Saturday, May 6, 2023

5th Sunday of Easter, Year A (Gospel: John 14:1-12) Life after death


This Gospel passage is one that I nearly always read at funerals. To me it perfectly sums up so much of what we believe happens at death. So often we think of this life as being everything and when it’s over, we go to some kind of spiritual retirement home, where we ‘rest in peace’. In some ways that is to see it the backwards. Our society tells us that this life is everything, so enjoy it all you can and try and gain as much pleasure and satisfaction as you can, before it’s over. The Lord tells us that this life is a time of getting ready for the world to come, which is what we are created for. This is our time of learning about love and service and about God. It is also our time of free will when we must choose to accept or reject God. When our time on earth is complete, the Lord will take us to be with him forever, unless we have rejected him.

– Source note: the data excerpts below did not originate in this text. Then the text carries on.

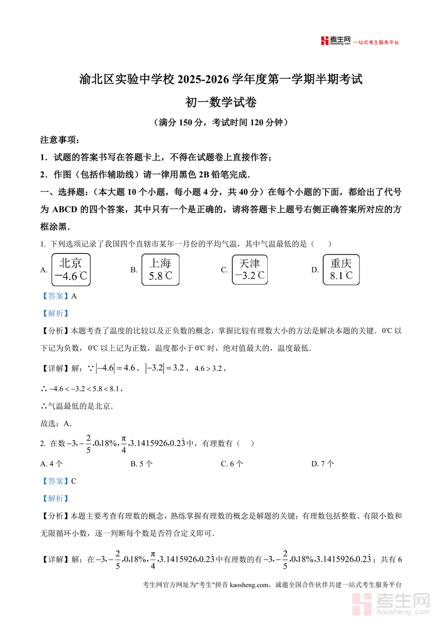 本资料适用于重庆市渝北实验中学及周边区域七年级学生、初中数学教师及备考家长。作为贴合本地学情 的真题解析资料,它不仅能帮助学生熟悉考试题型与难度,更能培养其逻辑思维与解题能力,具有不可替代 的备考价值;长期使用可助力学生构建扎实 的数学知识体系,为后续代数、几何等模块学习奠定坚实基础,是七年级数学中期备考 的必备工具。
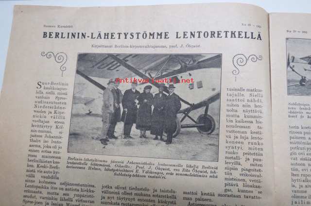Suomen Kuvalehti 1921 nr 29, kansikuva Kesäinen valokuvaharjoitelma, Hollantilainen Suomi-ystävä itsenäisen Suomen vieraana, Berlinin-lähetystömme lentoretkellä, ym.
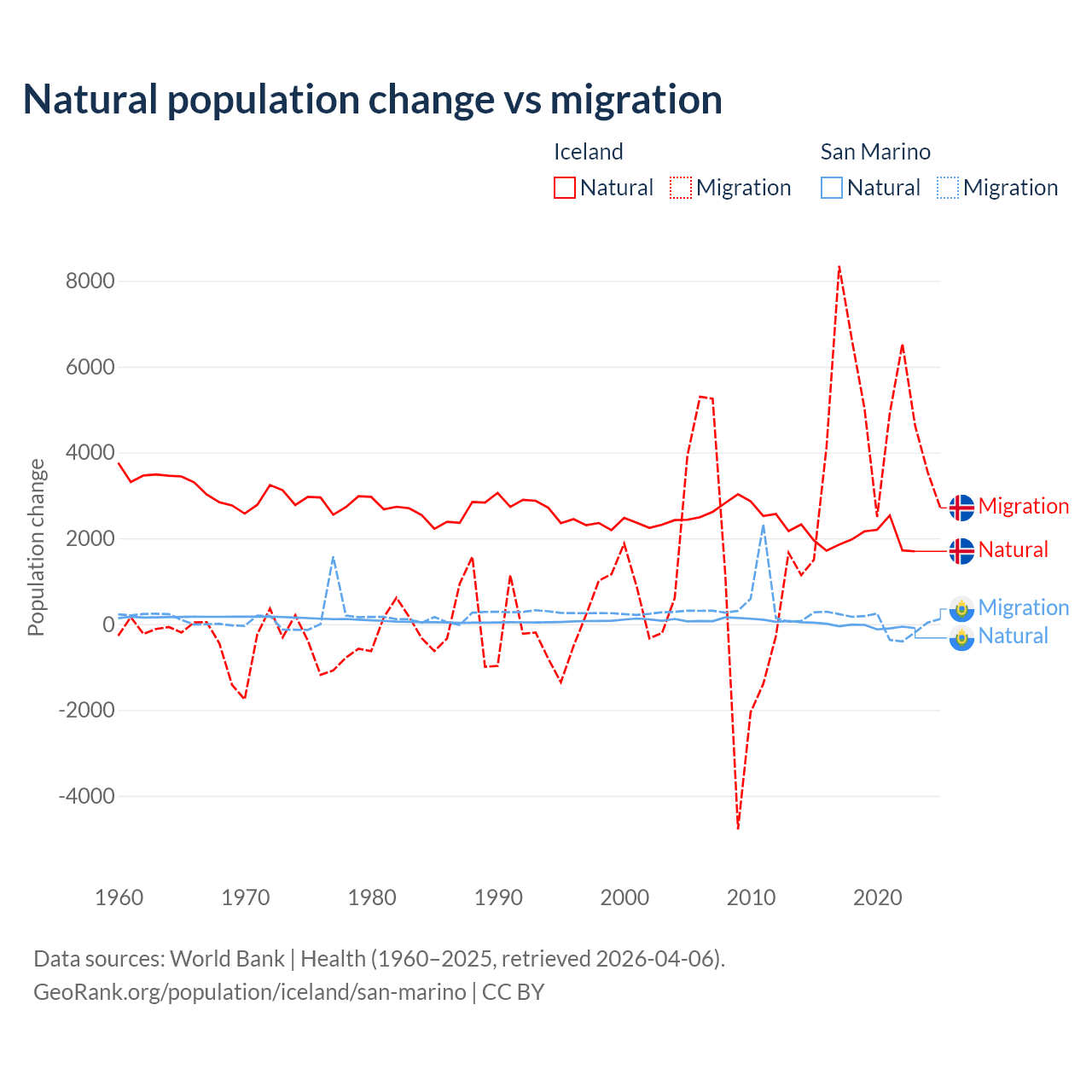 Over the last 10 years, 30.7% of the population change in Iceland is from natural causes (a gain of 20,128 people) and 69.3% is from migration (a gain of 45,356 people). In San Marino 40.9% is from natural causes (a loss of 358 people) and 59.1% is from migration (a gain of 517 people).
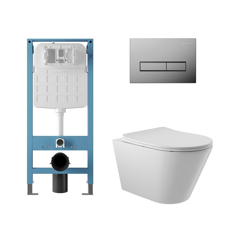 Aqueduto AQDS345T AQD комплект: TECNICA Novo Система инсталляции для подвесного унитаза, RETANGULO Панель смыва, хром, CONE Tornado Унитаз подвесной 525*360 безободковый, Tornado, сиденье с микролифтом, белый глянцевый
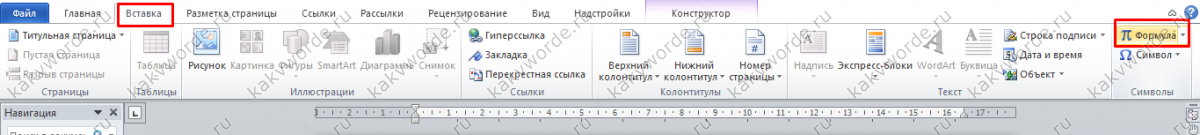 - Вкладка «Вставка» раздел «Символы» и кнопка «Уравнение»;
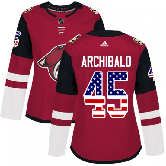 >Women's Adidas Arizona Coyotes #45 Josh Archibald Authentic Red USA Flag Fashion NHL Jersey
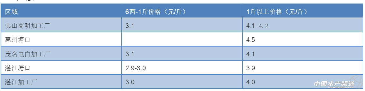 大部分加工廠表示,8、9月份,羅非魚價仍有上漲趨勢,但價格應該不會高于4.5元/斤,因為價格太高,市場難以接受。投苗熱情目前也比較平淡,這段時間溫度比較高,沒有設備的魚苗廠產苗量也比較低,養殖戶也不敢投苗。養殖戶們都持觀望態度。一般情況下,秋苗的投苗量都會比春苗少,今年春苗的投苗量低,或者秋苗會有所提高,不過,這主要是受到接下來魚價以及產苗量(高溫期產苗量低,越往后溫度越低,產苗量也會大受影響)的影響。 而鏈球菌病也會在農歷的8月15日(9月15日)左右得到控制。遺憾的是,2015年發生的磺胺事件并未給所有的養殖戶敲響警鐘。據多個加工廠反映,雖然今年養殖戶的禁用違禁藥物的意識有所加強,但藥殘現象還是時有發生。某加工廠告誡稱:“如果養殖戶不注意藥殘問題,受傷的是這個行業。很多其他國家也在養殖羅非魚,中國羅非魚為什么比其他國家便宜也是受到中國羅非魚在國際上的形象的影響,要想魚價上漲,首先就得維護好這個行業。” 本周(8.1-8.6)魚價 廣東 廣西 海南 上周(7.25-7.30)魚價 廣東 廣西 海南 |
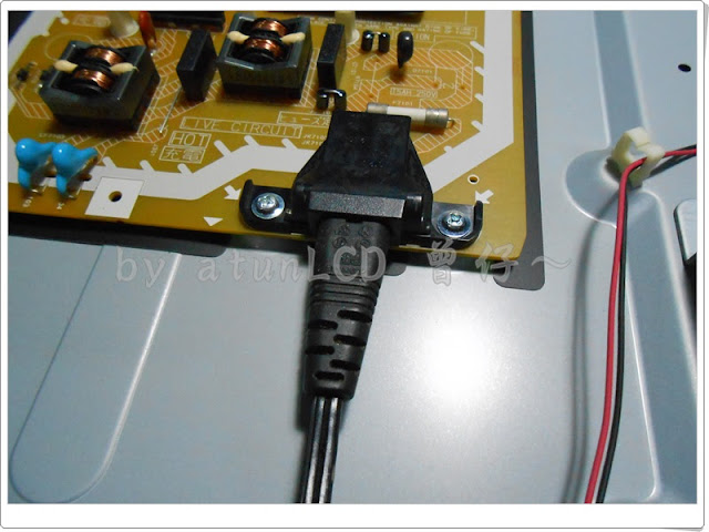 插頭已經插入電源板,很可惜待機紅燈號並沒有亮起…,這就是本機要排除的故障點,因為沒有待機,所以就別想要能啟動機器收看節目…
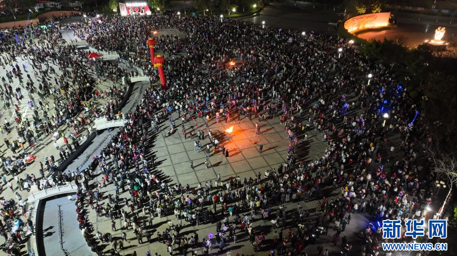 群众在广场上打跳(2月24日摄)。新华网发(永仁县融媒体中心供图)
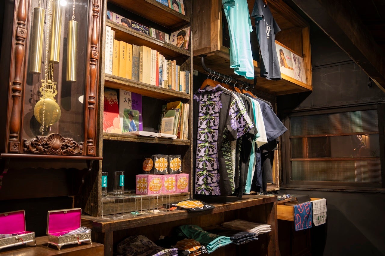 『ヨルノアタミ』は、街に灯りがともり始める頃から開く”夜の雑貨店”です。閑散としていることも多い熱海の夜の街に人を呼び込み、活性化することを目指してオープンしました。『旧つたや』に残る蔦の葉マークや透かし窓などの意匠を取り入れたTシャツ、トートバッグ、手ぬぐい、マスキングテープといったオリジナルのアパレル・雑貨を販売するほか、近隣の老舗飲食店やスナックのオリジナルグッズ、熱海の昔の土産品などの古物、遊郭や夜の街の文化に関連した書籍なども取り扱っています。また、熱海に関する書籍・雑誌・パンフレットなどを閲覧できる資料室、近隣店舗を紹介する街の案内所としての機能も担います。
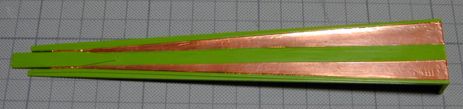 最近では裏に粘着性のある銅テープを用いたものを使っています。銅テープは、以前は一般では入手が困難でしたが、近ごろは園芸店でナメクジよけ等として入手できます(植木鉢の周囲にぐるりと貼るとナメクジが登ってこれないんですねぇ)。その後、大手の100円ショップ等でも「銅箔テープ」を見つけ、おどろきました。
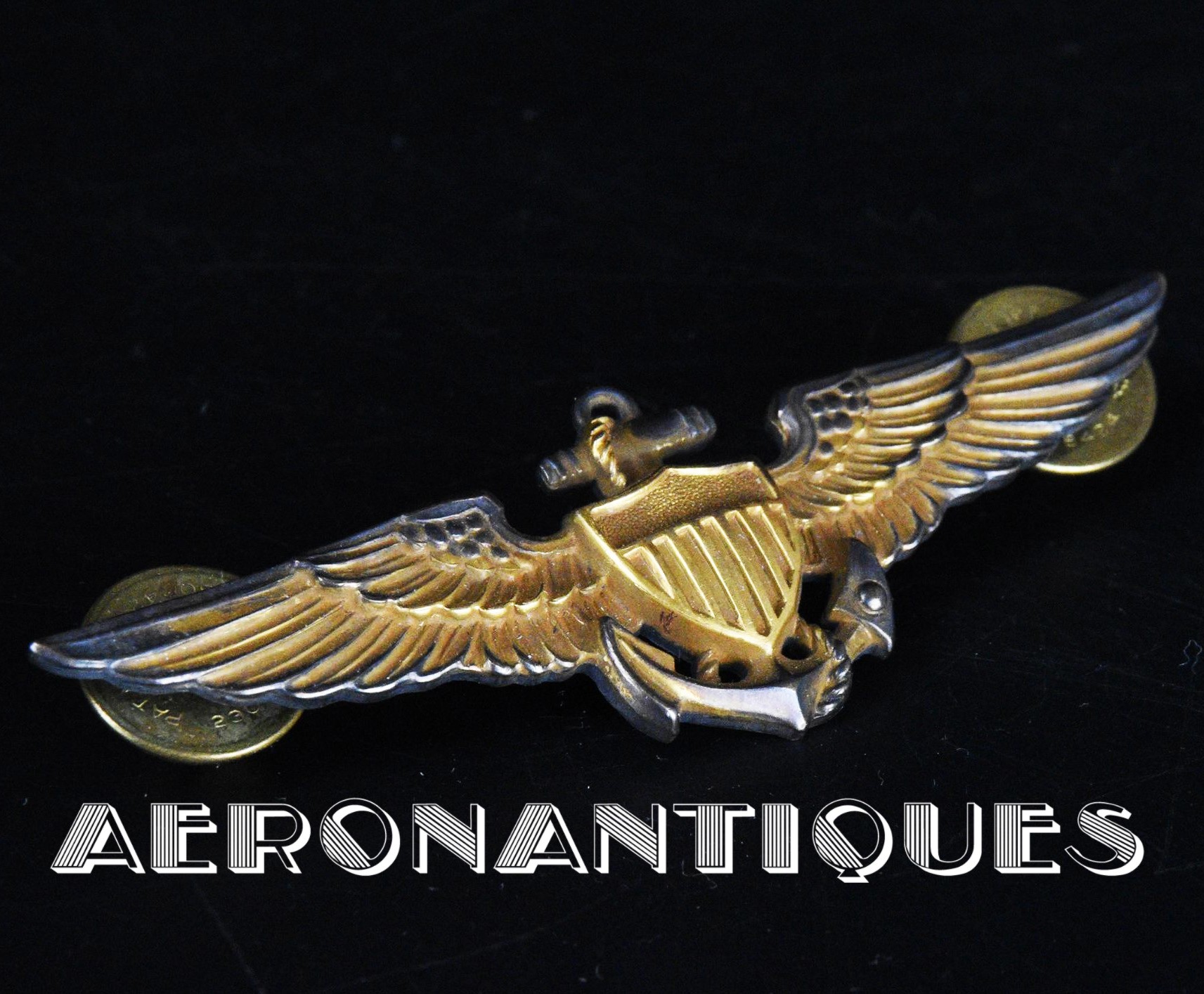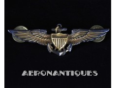 US Naval Aviator qualification wings (US Navy, US Marine Corps or US Coast Guards), full size, 1940's made by HILBORN-HAMBURGER in New-York. Gold plated on sterling. Clutch back with 2nd pattern Ballou clutches (1943-44). Width: 75 mm.
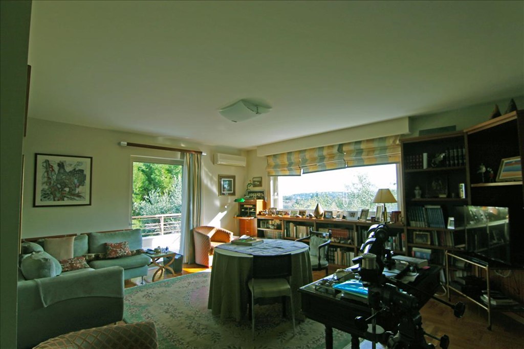 A view of the city, the sea, the mountain, the forest opens up from the windows. There are: a fireplace, air conditioning, awnings, heating. The owners will be leaving the furniture with the sale. Building has an elevator. There is an alarm system installed. Extras included with the property: parking space, garden.
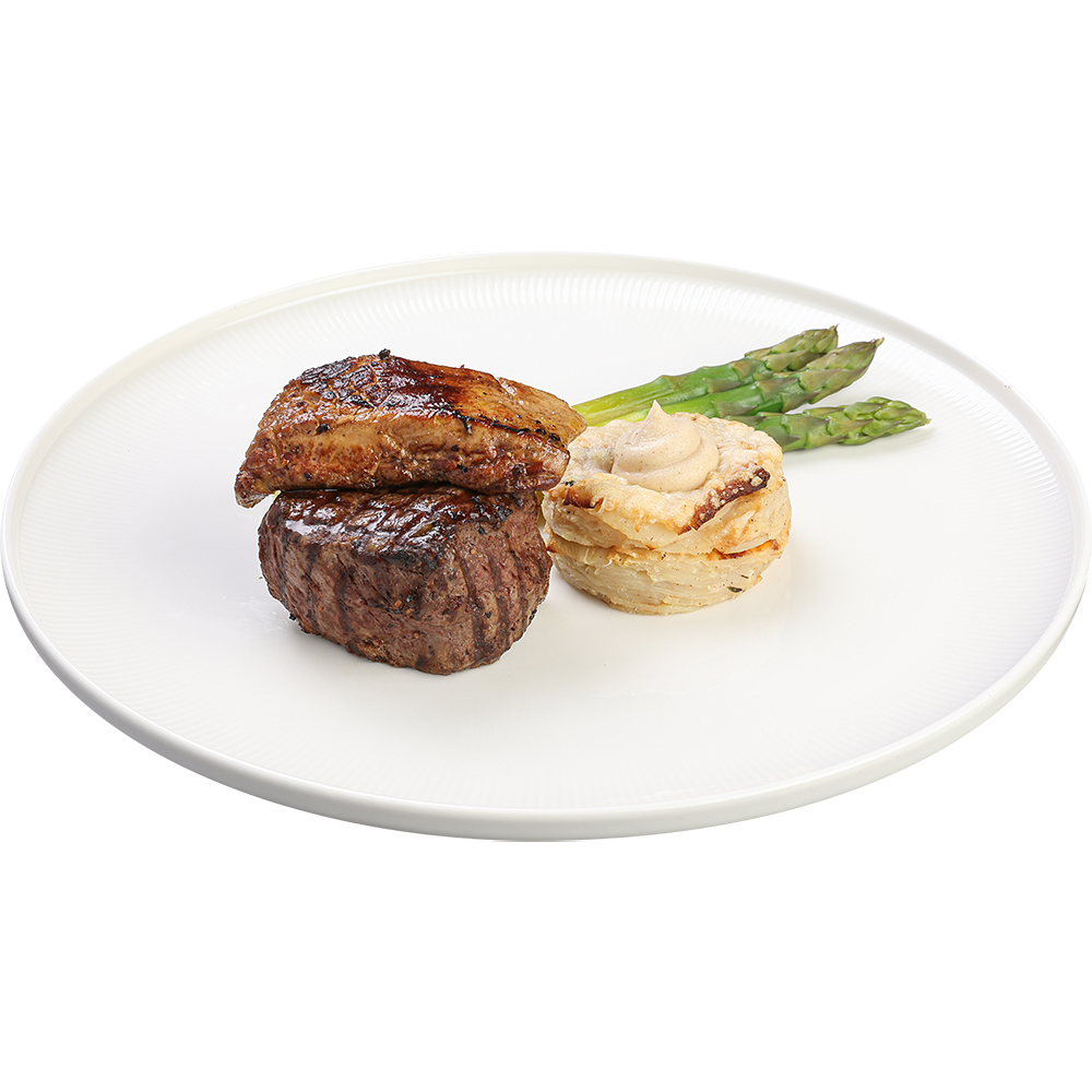 mușchi de vită, ficat de rață, țelină, sparanghel, sos Cabernet 470 g

I am going to prepare a place for you…’ There is a place waiting for us.

I will come and take you to myself, so that where I am, you also may be.’


When our time on earth is complete, the Lord will come for us. Even just to put it that way, as opposed to saying, ‘when our life is over,’ makes a big difference. Our life isn’t over, just our time on earth. Our mortal bodies will die, but then we will have glorified or spiritual bodies and we will no longer be bound by time and space and where we will live more intensely than we do here on earth. We will experience everything just as we do now, but at a higher level of intensity than we do now.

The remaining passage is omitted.